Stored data
▼

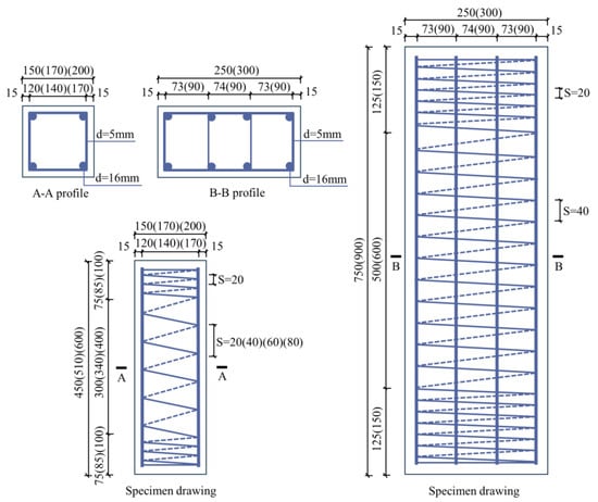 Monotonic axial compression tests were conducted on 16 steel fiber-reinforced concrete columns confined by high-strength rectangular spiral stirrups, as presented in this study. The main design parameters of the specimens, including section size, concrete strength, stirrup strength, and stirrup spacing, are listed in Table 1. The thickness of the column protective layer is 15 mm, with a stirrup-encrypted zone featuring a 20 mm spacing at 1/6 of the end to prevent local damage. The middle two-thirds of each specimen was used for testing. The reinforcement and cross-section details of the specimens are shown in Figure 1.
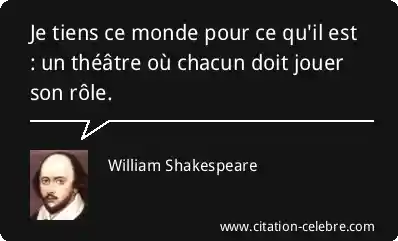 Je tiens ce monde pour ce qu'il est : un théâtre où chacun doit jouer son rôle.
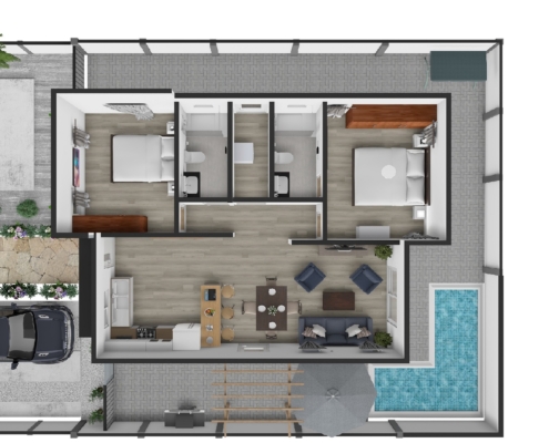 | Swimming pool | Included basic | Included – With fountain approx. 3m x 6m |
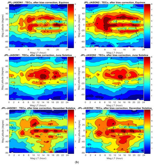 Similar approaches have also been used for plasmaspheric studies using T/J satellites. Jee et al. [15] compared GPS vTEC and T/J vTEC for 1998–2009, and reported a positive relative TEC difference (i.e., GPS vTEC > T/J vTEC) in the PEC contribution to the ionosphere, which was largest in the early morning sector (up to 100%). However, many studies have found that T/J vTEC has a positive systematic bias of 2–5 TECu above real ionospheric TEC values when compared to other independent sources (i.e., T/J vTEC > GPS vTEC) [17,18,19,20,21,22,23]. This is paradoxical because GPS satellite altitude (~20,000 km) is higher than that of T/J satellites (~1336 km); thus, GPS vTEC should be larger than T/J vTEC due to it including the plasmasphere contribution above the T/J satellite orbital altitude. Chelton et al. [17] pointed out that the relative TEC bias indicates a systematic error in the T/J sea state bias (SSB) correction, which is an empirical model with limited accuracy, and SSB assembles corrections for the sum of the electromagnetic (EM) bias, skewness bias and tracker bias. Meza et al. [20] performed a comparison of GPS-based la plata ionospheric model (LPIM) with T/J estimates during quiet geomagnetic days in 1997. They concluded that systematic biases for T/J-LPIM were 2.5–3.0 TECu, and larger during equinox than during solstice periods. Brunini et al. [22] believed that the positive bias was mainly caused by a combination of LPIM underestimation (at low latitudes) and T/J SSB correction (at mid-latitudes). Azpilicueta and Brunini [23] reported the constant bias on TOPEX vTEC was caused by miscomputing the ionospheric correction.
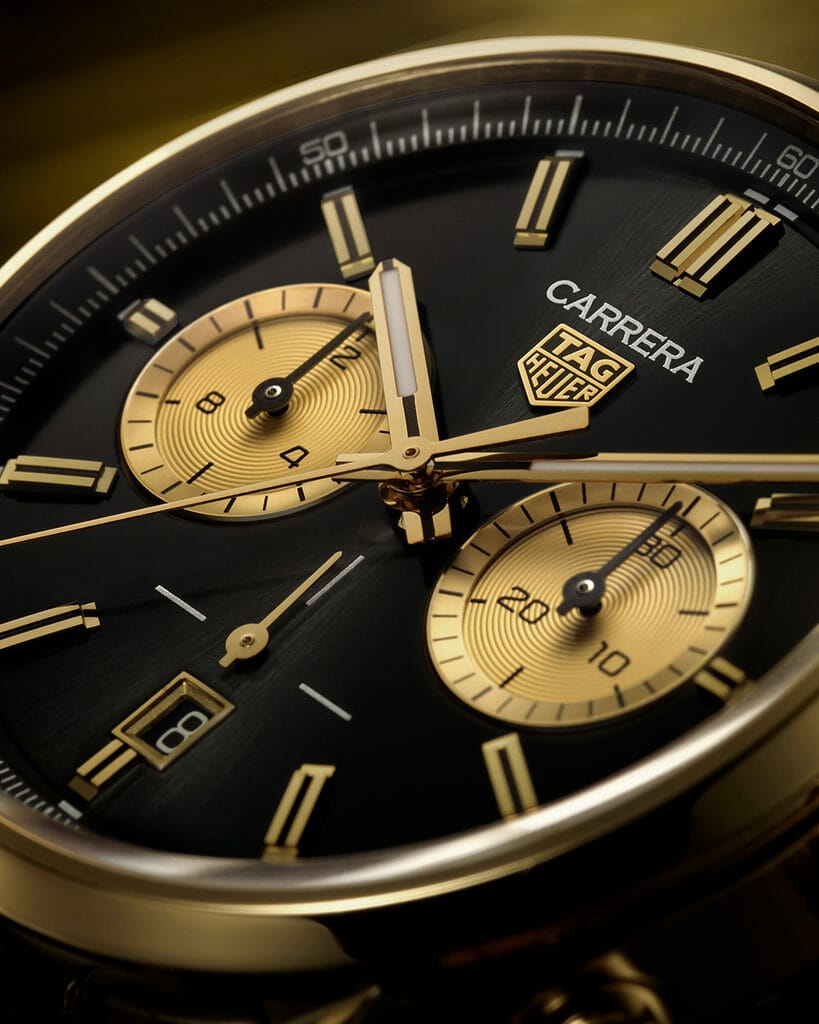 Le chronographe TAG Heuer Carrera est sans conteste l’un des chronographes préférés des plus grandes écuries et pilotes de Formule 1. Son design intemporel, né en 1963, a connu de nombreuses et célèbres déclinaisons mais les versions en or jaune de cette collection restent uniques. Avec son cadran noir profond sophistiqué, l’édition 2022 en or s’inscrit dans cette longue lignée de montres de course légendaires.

▲

> **Task goal**
Please output every record above exactly as written, leaving out the pictures.

> **Solution for this task**
 Monotonic axial compression tests were conducted on 16 steel fiber-reinforced concrete columns confined by high-strength rectangular spiral stirrups, as presented in this study. The main design parameters of the specimens, including section size, concrete strength, stirrup strength, and stirrup spacing, are listed in Table 1. The thickness of the column protective layer is 15 mm, with a stirrup-encrypted zone featuring a 20 mm spacing at 1/6 of the end to prevent local damage. The middle two-thirds of each specimen was used for testing. The reinforcement and cross-section details of the specimens are shown in Figure 1.
 Je tiens ce monde pour ce qu'il est : un théâtre où chacun doit jouer son rôle.
 | Swimming pool | Included basic | Included – With fountain approx. 3m x 6m |
 Similar approaches have also been used for plasmaspheric studies using T/J satellites. Jee et al. [15] compared GPS vTEC and T/J vTEC for 1998–2009, and reported a positive relative TEC difference (i.e., GPS vTEC > T/J vTEC) in the PEC contribution to the ionosphere, which was largest in the early morning sector (up to 100%). However, many studies have found that T/J vTEC has a positive systematic bias of 2–5 TECu above real ionospheric TEC values when compared to other independent sources (i.e., T/J vTEC > GPS vTEC) [17,18,19,20,21,22,23]. This is paradoxical because GPS satellite altitude (~20,000 km) is higher than that of T/J satellites (~1336 km); thus, GPS vTEC should be larger than T/J vTEC due to it including the plasmasphere contribution above the T/J satellite orbital altitude. Chelton et al. [17] pointed out that the relative TEC bias indicates a systematic error in the T/J sea state bias (SSB) correction, which is an empirical model with limited accuracy, and SSB assembles corrections for the sum of the electromagnetic (EM) bias, skewness bias and tracker bias. Meza et al. [20] performed a comparison of GPS-based la plata ionospheric model (LPIM) with T/J estimates during quiet geomagnetic days in 1997. They concluded that systematic biases for T/J-LPIM were 2.5–3.0 TECu, and larger during equinox than during solstice periods. Brunini et al. [22] believed that the positive bias was mainly caused by a combination of LPIM underestimation (at low latitudes) and T/J SSB correction (at mid-latitudes). Azpilicueta and Brunini [23] reported the constant bias on TOPEX vTEC was caused by miscomputing the ionospheric correction.
 Le chronographe TAG Heuer Carrera est sans conteste l’un des chronographes préférés des plus grandes écuries et pilotes de Formule 1. Son design intemporel, né en 1963, a connu de nombreuses et célèbres déclinaisons mais les versions en or jaune de cette collection restent uniques. Avec son cadran noir profond sophistiqué, l’édition 2022 en or s’inscrit dans cette longue lignée de montres de course légendaires.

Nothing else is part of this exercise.